Share your dilemmas and get honest opinions from other Mumsnetters.

My SIL has a filthy house and her children are always smelly

127 replies

OprahWinfrey · 23/03/2010 23:18

Yes, I know I might get slaughtered on here. But here I go anyway.

SIL's children are always wearing dirty clothes and smell of stale food. Her house is absolutely filthy and smells. She is very overweight and her daughter is suffering from obesity now. (11) I feel quite sorry for my brother as he likes bringing them round to visit us. On saturday I took my niece and nephew (11,12) out and SIL sent them round with clothes that stank. I knew why people moved away from them while we were out. I found out that the kids hadn't had a wash for weeks (they said!!)

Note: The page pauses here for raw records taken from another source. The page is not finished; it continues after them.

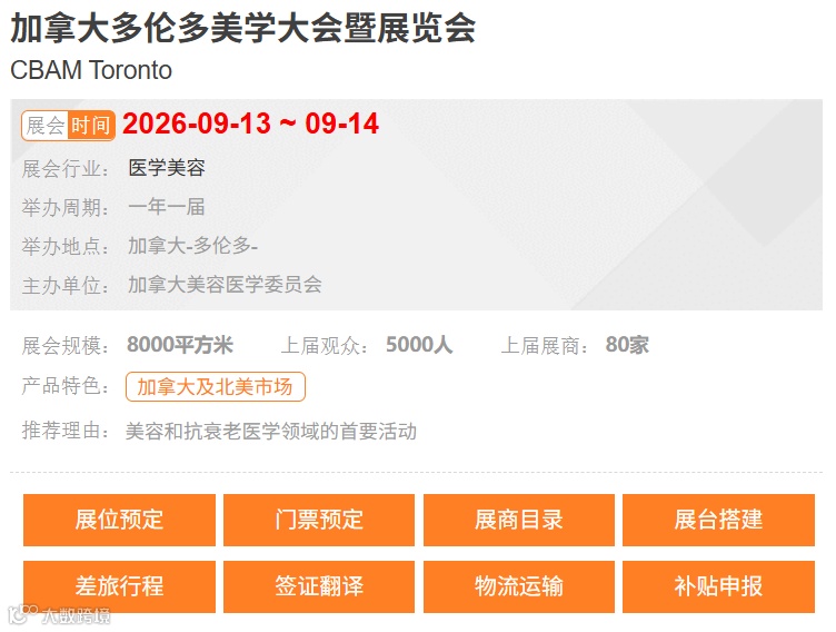[展位预定、门票预定、展商目录、展台搭建、差旅行程、签证、翻译、物流运输、补贴申报]
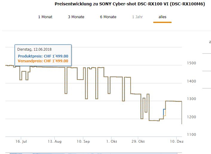 Zugegeben, günstig ist sie nach wie vor nicht. Aber falls jemand vor Weihnachten damit geliebäugelt hat: Die Sony RX100 VI gibt’s momentan bei Brack für 1’169, zusammen mit dem Gutschein aus dem Brack-Game kommt man so auf den Endpreis von 1’159.-. Der günstigste Preis bislang war vor einem Monat 1’188 - wir haben damit einen neuen Tiefstpreis.
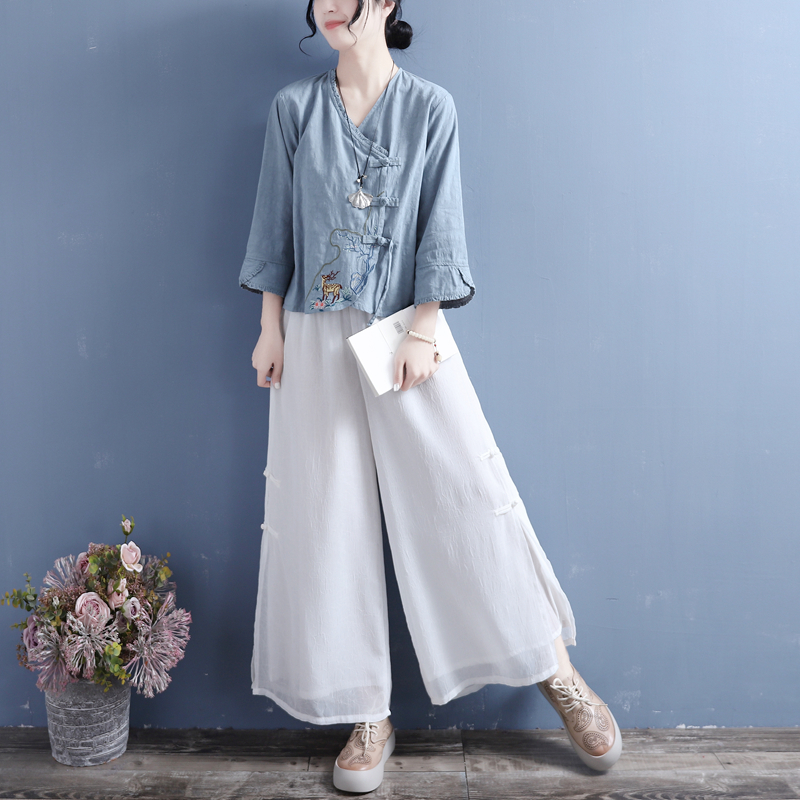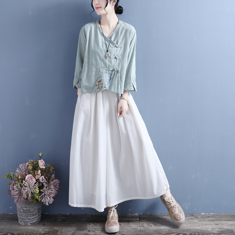 棉麻刺绣木耳V领衬衫女2022春季新款中国风斜襟盘扣复古短款上衣
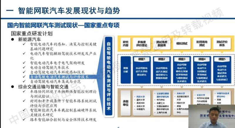 9月16日晚,在《中國汽車報》與廣州智能網(wǎng)聯(lián)汽車示范區(qū)運(yùn)營中心聯(lián)合推出的“2020智能網(wǎng)聯(lián)汽車精品課”第26講中,中國汽車技術(shù)研究中心有限公司首席專家,中汽中心汽車試驗研究所智能網(wǎng)聯(lián)試驗研究部部長秦孔建以“智能網(wǎng)聯(lián)汽車測試評價體系”為主題的演講中,從智能網(wǎng)聯(lián)汽車技術(shù)及產(chǎn)業(yè)發(fā)展現(xiàn)狀、系統(tǒng)測評需求、標(biāo)準(zhǔn)體系、測試評價技術(shù)四方面出發(fā),具體介紹當(dāng)前國內(nèi)外建立智能網(wǎng)聯(lián)汽車標(biāo)準(zhǔn)體系的工作進(jìn)展。

The kids love it round mine and have planned to come and stay during the easter hols. I am embarrassed to take them out as their appearance is appalling. Manners are non-existent. They swear at each other and are extremely disrespectful in public. One of them smelt of pee (I am not making this up!) Can I say something, nicely, to SIL.......... or AIBU?

OP posts:
LauraIngallsWilder · 24/03/2010 00:00

But there are families as she describes

I know one of them

They stink, their house smells, their clothes smell, they never have brushed washed hair. The eldest is 13 and is destined for social suicide.
I could go on.

LauraIngallsWilder · 24/03/2010 00:03

A rocking horse?

Eek the family of which I speak have one too..........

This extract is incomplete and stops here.